Answer to Question #67885 in Microeconomics for Fhumudzani Tshitangano

Question #67885
Before trade, the domestic equilibrium price of sugar in Zimbabwe was R10 per Kg and that for South Africa R 15 per Kg. Assume South Africa only trade with Zimbabwe and the transport cost does not exist.
 Using diagrams, explain which country becomes an exporter or an importer when trade is allowed between the two countries. Identify the pre-trade consumer and producer surplus for each country.
 If free trade is permitted, illustrate the change in the surplus of consumers and producers for each country. Will each country’ total surplus increase or decrease?
 Truck drivers who cart goods across these two countries go on a short strike Analyze how this strike may affect the free trade consumer and producer surplus enjoyed by both countries
1
Expert's answer
2017-05-01T10:00:08-0400
Before trade, the domestic equilibrium price of sugar in Zimbabwe was R10 per Kg and that for South Africa R15 per Kg.

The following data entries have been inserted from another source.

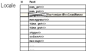 The base class of all facets, class locale::facet, does not have a facet identification. The class locale::facet performs the function of an abstract base class; there will never be any facet object of the base class type. However, all concrete facet classes have to define a facet identification. In the example above, we inherited the facet identification from the base class we derived from, that is, the standard facet class numpunct. Every object of our facet class CustomizedBooleanNames has a facet identification that identifies it as a numpunct facet. As the facet identification serves as an index to the locale object's set of facets, our facet object replaced the current numpunct facet object in the locale object's set of facet objects.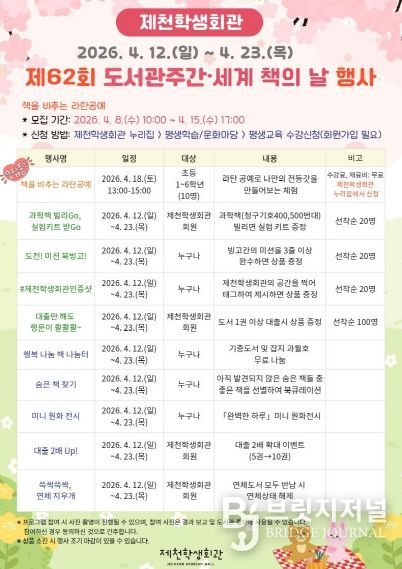 브릿지저널 김경미 기자 | 제천학생회관은 제62회 도서관주간(4. 12.~4. 18.)을 맞아 ‘도서관 속 작은 펼침, 세상을 여는 큰 열림’을 주제로 시민과 학생이 함께 즐길 수 있는 다양한 독서문화 행사를 마련했다.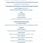 Alla conferenza di presentazione interverranno il Sindaco di Salerno, Vincenzo Napoli, l’assessore alle Politiche Sociali, Giovanni Savastano, il presidente dell’ANS Campania, Domenico Condurro, il Direttore della rivista scientifica, organo ufficiale ANS, “Sociologia – La società… in rete”, Camillo Capuano, il presidente della commissione nazionale comunicazione dell’Associazione Nazionale Sociologi, Arturo Di Giacomo, il dott. Vittorio Cantone, Coordinamento Regionale della Fondazione AdAstra, l’on. Piero De Luca, vicecapogruppo Pd alla Camera dei Deputati.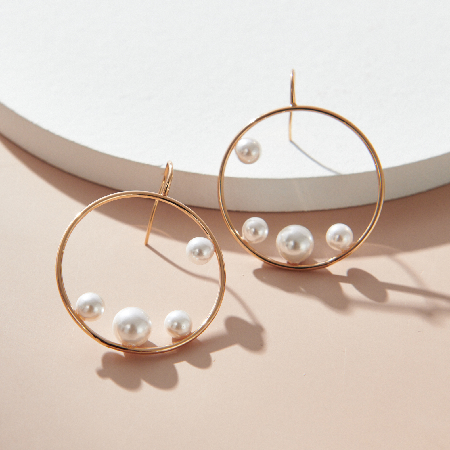 ⭐在細緻的金屬圈中點綴大小不一的珍珠 創道出不同的層次美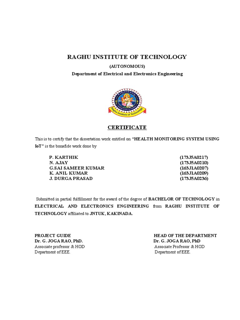 IoT” is being submitted to Raghu institute of technology, affiliated to JNTUK University in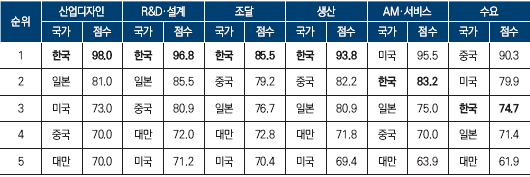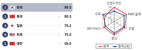 중국은 산업디자인, R&D·설계, AM(After Market)·서비스 부문의 경쟁력이 부족하나, 수요 부문에 힘입어 2위로 평가되었다. 일본은 산업디자인, R&D·설계, AM·서비스에서 중국보다 우위였으나, 조달, 생산, 수요 등의 열위로 중국보다 경쟁력이 소폭 낮았다.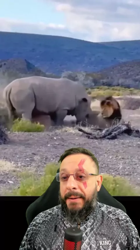 Leão quase vira espeto de chifre de rinoceronte #animais #leao #rinoceronte #comportamentoanimal #flagranteanimal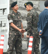 2013.07.10 08: 43군 전역한 비, '상급자와 인사 나누며'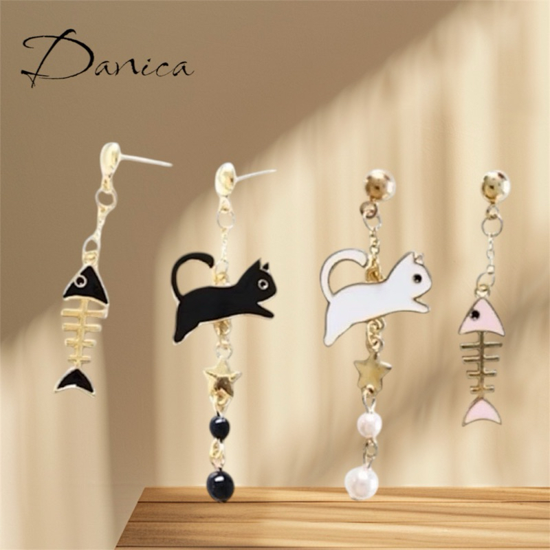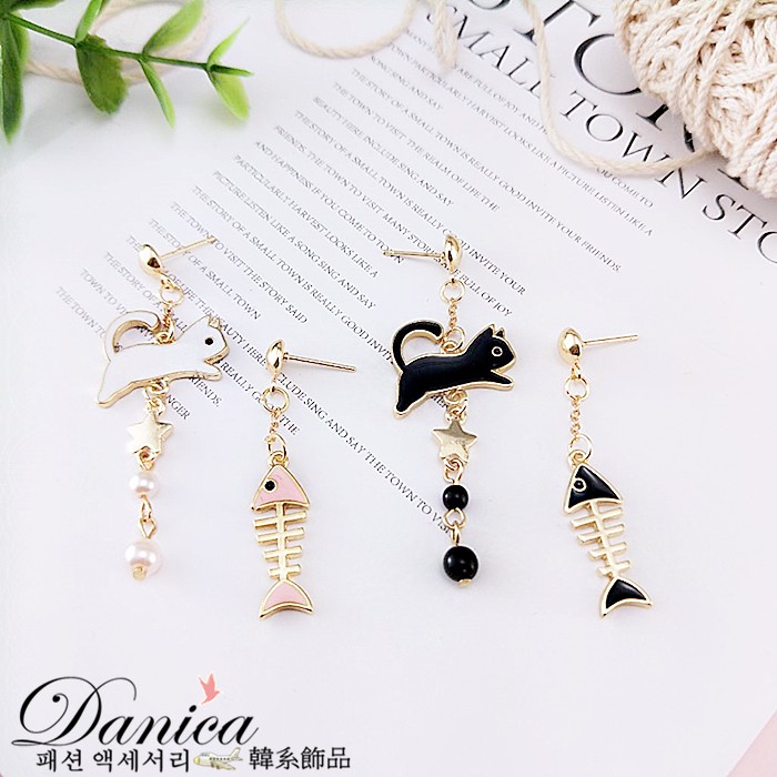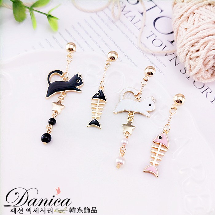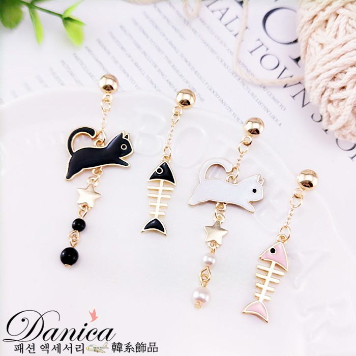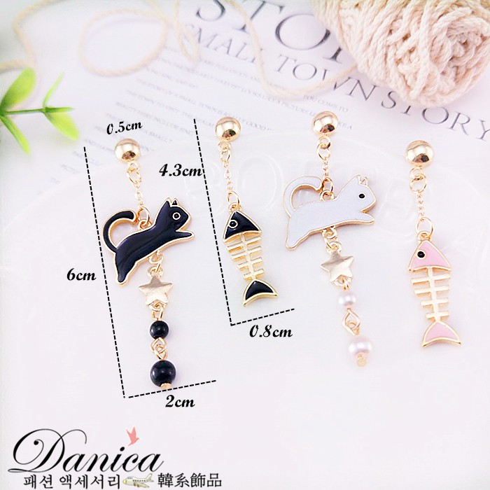 925銀針 夾式耳環 韓國少女氣質甜美萌系貓咪與魚骨頭不對稱耳環 K92976 台灣出貨 Danica 韓系黑貓不對稱針式|白貓不對稱針式|黑貓不對稱夾式(無耳洞配戴)|白貓不對稱夾式(無耳洞配戴)Danica 韓系飾品 耳環

So, Zimbabwe becomes an exporter and South Africa becomes an importer when trade is allowed between the two countries.
The pre­trade consumer surplus is lower and producer surplus is higher in South Africa and consumer surplus is the same and producer surplus is lower in Zimbabwe.
So, total surplus in both countries will increase after the free trade.
The strike may decrease the free trade consumer and producer surplus enjoyed by both countries.